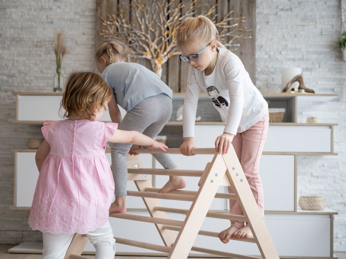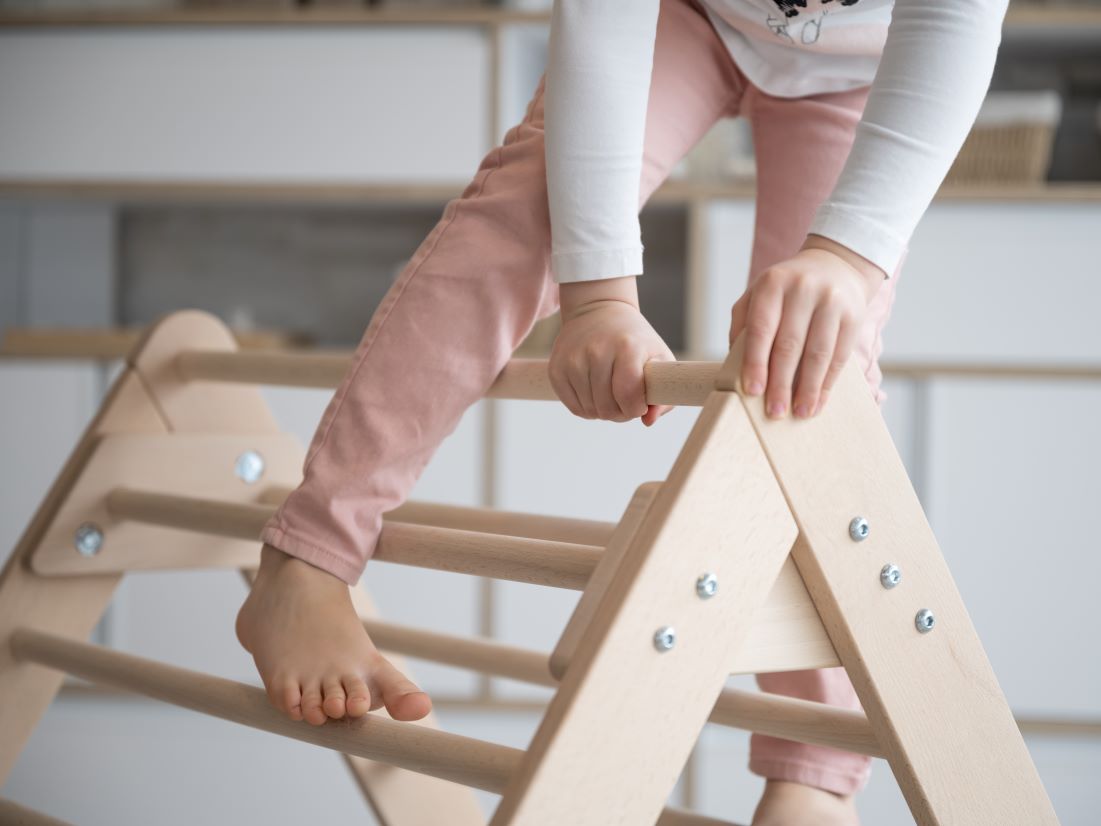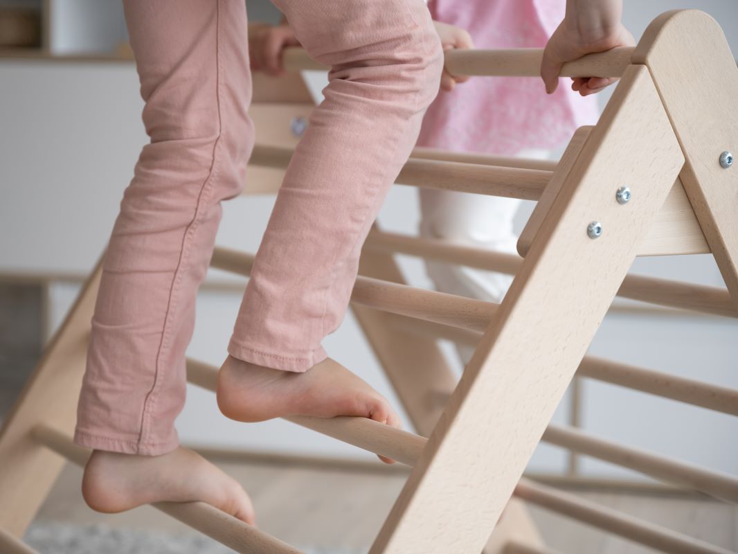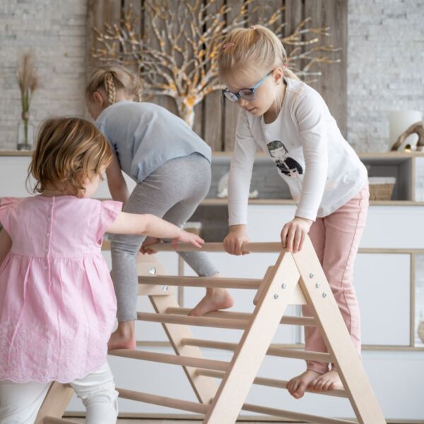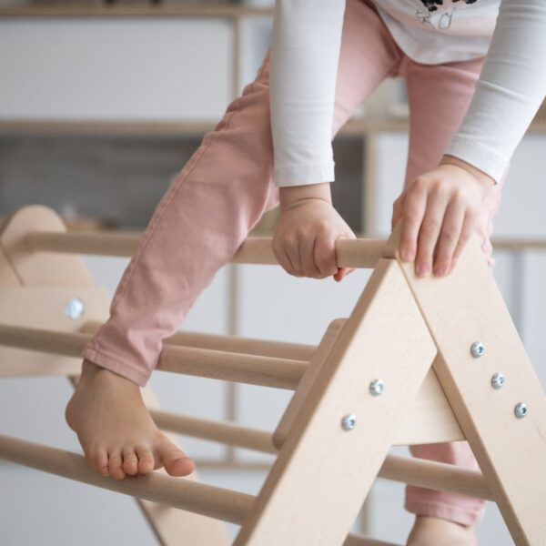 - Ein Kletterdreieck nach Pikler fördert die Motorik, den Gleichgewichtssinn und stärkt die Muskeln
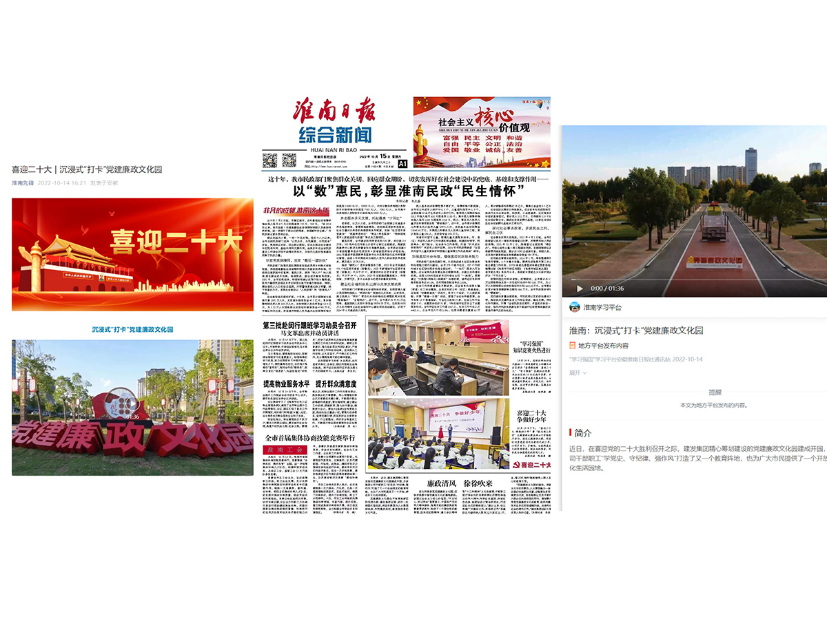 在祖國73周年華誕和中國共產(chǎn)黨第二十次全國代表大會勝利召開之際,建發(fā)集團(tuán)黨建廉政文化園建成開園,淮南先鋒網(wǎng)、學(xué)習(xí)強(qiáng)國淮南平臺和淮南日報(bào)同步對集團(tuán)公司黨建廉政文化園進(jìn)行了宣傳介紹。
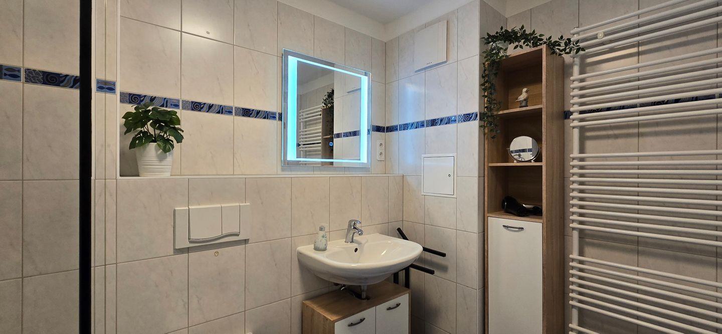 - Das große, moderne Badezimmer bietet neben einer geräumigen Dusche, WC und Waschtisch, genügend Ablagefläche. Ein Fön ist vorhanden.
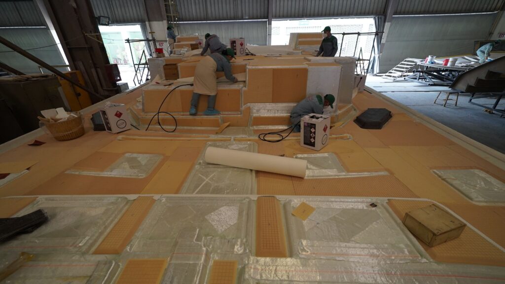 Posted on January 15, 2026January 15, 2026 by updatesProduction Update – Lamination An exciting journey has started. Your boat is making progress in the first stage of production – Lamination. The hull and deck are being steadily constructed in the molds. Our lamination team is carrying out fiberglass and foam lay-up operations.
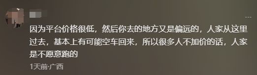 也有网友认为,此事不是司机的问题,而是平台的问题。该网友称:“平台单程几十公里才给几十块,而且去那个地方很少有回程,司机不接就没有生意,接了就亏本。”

★ ★ ★

▶ Activity:
Reproduce the data word for word without its images.

▶ Exercise output:
 - Ein Kletterdreieck nach Pikler fördert die Motorik, den Gleichgewichtssinn und stärkt die Muskeln
 在祖國73周年華誕和中國共產(chǎn)黨第二十次全國代表大會勝利召開之際,建發(fā)集團(tuán)黨建廉政文化園建成開園,淮南先鋒網(wǎng)、學(xué)習(xí)強(qiáng)國淮南平臺和淮南日報(bào)同步對集團(tuán)公司黨建廉政文化園進(jìn)行了宣傳介紹。
 - Das große, moderne Badezimmer bietet neben einer geräumigen Dusche, WC und Waschtisch, genügend Ablagefläche. Ein Fön ist vorhanden.
 Posted on January 15, 2026January 15, 2026 by updatesProduction Update – Lamination An exciting journey has started. Your boat is making progress in the first stage of production – Lamination. The hull and deck are being steadily constructed in the molds. Our lamination team is carrying out fiberglass and foam lay-up operations.
 也有网友认为,此事不是司机的问题,而是平台的问题。该网友称:“平台单程几十公里才给几十块,而且去那个地方很少有回程,司机不接就没有生意,接了就亏本。”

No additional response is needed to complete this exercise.